Vandals spray anti-Native slogan on Juneau-Douglas High School wall

Acronym has been variously interpreted to mean 'Kill All Natives' and 'Kids Across the Nation'

Posted: Sunday, February 22, 2004

Vandals painted a cryptic acronym generally regarded to be derogatory to Alaska Natives on an outside wall of Juneau-Douglas High School late Thursday night.

A school custodian noticed the graffiti, which wasn't visible from the street, around 10:30 p.m., said Assistant Principal Dale Staley. By mid-morning Friday, the three phrases had been painted over. School administration and police said they didn't know exactly what the graffiti had said, but red letters several feet high that showed through one of the patches of paint read: "KAN'S BACK!"
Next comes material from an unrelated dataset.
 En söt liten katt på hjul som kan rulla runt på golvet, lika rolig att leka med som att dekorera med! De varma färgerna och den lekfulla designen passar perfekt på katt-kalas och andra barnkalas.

The meaning of KAN varies depending on whom you ask. JDHS sophomore Troy Tangney, 15, who says he knows the vandal, said it stands for "Kids Against Natives." Officer Paul Comolli of the Juneau Police Department said he's also heard the acronym stands for "Kids Across the Nation" or "Kill All Natives."

"Here at the high school, we're very concerned about it, whatever it means, because some of our students believe that it is derogatory and we can't tolerate that," Staley said.
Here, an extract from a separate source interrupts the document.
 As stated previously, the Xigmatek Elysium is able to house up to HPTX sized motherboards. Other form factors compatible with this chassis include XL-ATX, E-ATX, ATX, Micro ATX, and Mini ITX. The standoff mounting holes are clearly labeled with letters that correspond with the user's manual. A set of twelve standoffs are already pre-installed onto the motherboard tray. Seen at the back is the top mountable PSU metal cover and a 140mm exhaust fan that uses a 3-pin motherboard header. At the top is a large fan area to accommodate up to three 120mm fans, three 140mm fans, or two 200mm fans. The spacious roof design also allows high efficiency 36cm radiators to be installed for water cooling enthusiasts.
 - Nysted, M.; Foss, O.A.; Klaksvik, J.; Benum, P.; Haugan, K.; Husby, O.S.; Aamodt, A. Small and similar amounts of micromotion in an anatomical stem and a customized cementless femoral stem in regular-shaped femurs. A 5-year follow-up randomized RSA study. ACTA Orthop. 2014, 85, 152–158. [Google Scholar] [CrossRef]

KAN has been popping up around the school for just the last few weeks, scratched into bathroom stalls and scrawled on classroom desks and chairs, he said. Police say they believe it is related to violence between students that recently has occurred at the cemetery near the school.

Tangney said a friend of his told him he was planning to paint the graffiti earlier in the week.

"I think it's dumb. Everybody should just be friends," he said.

Junior Jeffrey Osborne, who is Tlingit, said he had not heard of KAN until some students brought it up earlier this month at a youth meeting at the Alaska Native Brotherhood Hall.

"I try not to pay attention to it. I can't stand racist people," Osborne said.

Osborne and several of his friends said they experience bad treatment they believe is racially motivated from some students, but that it tends to be the same group of people.

Comolli said he has heard of more fights going on lately in the cemetery. But it's often difficult to distinguish truth from fiction in the rumor-ridden haze of high school society. Staley said students were talking on Friday about a fight that had allegedly occurred during lunch, but it turned out to be just a couple of students raising their voices at each other.

Comolli said white and Native teenagers fought Thursday in the cemetery. He heard of a fight last week involving a Native nonstudent who sought out a white male student he thought had racist views.

"If people respond with hatred and violence to try to fix hatred and violence, it spirals out of control," Comolli said.

Leilani Knight-McQueen, youth and family leadership specialist for Tlingit-Haida Central Council, said fights do happen. She was careful not to characterize them as gang-related, but said there was increasing organization among students.

"My bigger concern is that, while I can meet with the Native kids and the Native crew responds, who is defusing the white crew? While I'm defusing the Native kids, who's over there telling (the white kids) not to be violent?" Knight-McQueen said.

She said it's important to promote community rather than division.

"We're supporting a healthy, safe environment for everyone," she said.

Staley called the graffiti "unfortunate."